Samra Kiran, Boon Ian S, Packer Gregory, Jacob Saiju
Department of Neurology, National Hospital for Neurology and Neurosurgery, London, UK.
Department of Diabetes, University Hospitals Birmingham NHS Foundation Trust, Birmingham, UK.
BMJ Case Rep. 2017 Apr 22;2017:bcr-2016-218431. doi: 10.1136/bcr-2016-218431.
A previously well 25-year-old man presented with agitation, double incontinence and left-sided incoordination. His symptoms started after smoking a synthetic cannabinoid () 5 days earlier. Over 48 hours, he developed aphasia, generalised hypertonia, hyper-reflexia and dense left hemiparesis. This progressed to profuse diaphoresis, fever, tachycardia, hypertension and a possible seizure necessitating admission to the intensive care unit. CT head and cerebrospinal fluid analysis were unremarkable. MRI brain demonstrated asymmetric multifocal hyperintense lesions in white and grey matter, which raised suspicions of acute disseminated encephalomyelitis (ADEM). An electroencephalogram showed widespread brain wave slowing, indicating diffuse cerebral dysfunction. Cerebral angiogram was normal. Toxicology analysis of the substance confirmed a potent synthetic cannabinoid , technically legal at the time. The patient made a slow but significant recovery after a course of intravenous methylprednisolone, intravenous immunoglobulins and oral steroids, and was later transferred to a rehabilitation bed.

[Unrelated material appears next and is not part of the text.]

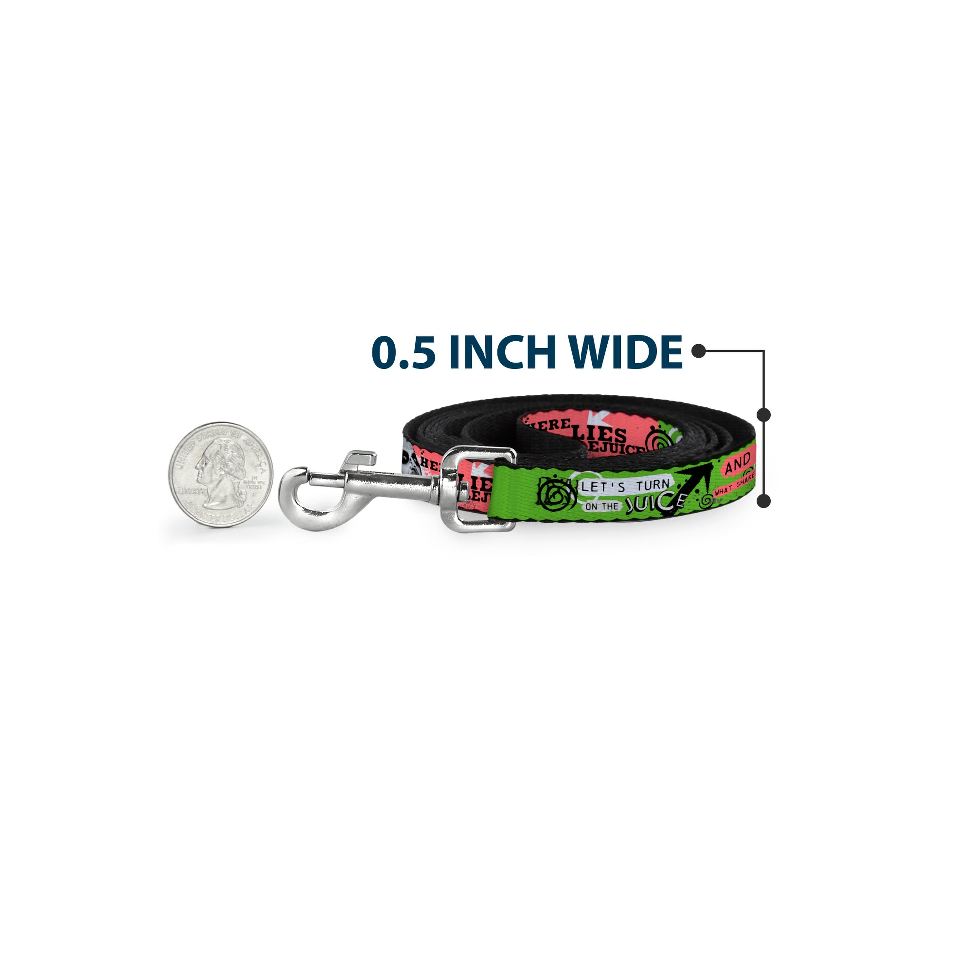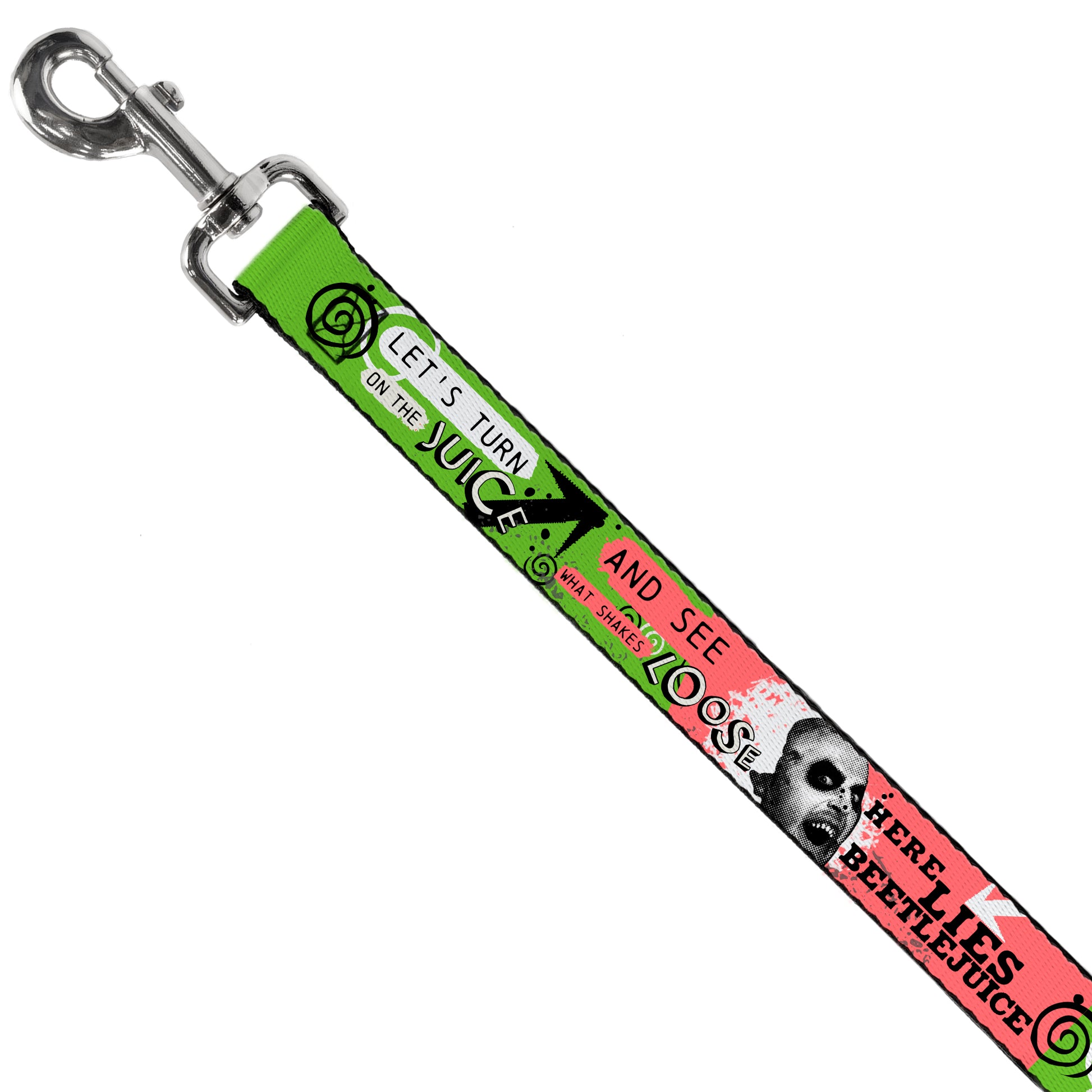 Dog Leash - BEETLEJUICE Face and Quotes Collage Pink/Green/Black

一名此前身体健康的25岁男性出现了躁动、大小便失禁和左侧运动不协调的症状。他的症状在5天前吸食一种合成大麻素后开始出现。在48小时内,他发展为失语、全身肌张力增高、反射亢进和严重的左侧偏瘫。病情进一步发展为大量出汗、发热、心动过速、高血压,还可能发生了癫痫,因此需要入住重症监护病房。头部CT和脑脊液分析均无异常。脑部MRI显示白质和灰质有不对称的多灶性高信号病变,这引发了对急性播散性脑脊髓炎(ADEM)的怀疑。脑电图显示广泛的脑电波减慢,提示弥漫性脑功能障碍。脑血管造影正常。对该物质的毒理学分析证实是一种强效合成大麻素,当时在技术上是合法的。经过静脉注射甲基强的松龙、静脉注射免疫球蛋白和口服类固醇治疗后,患者恢复缓慢但有明显改善,后来被转到康复病房。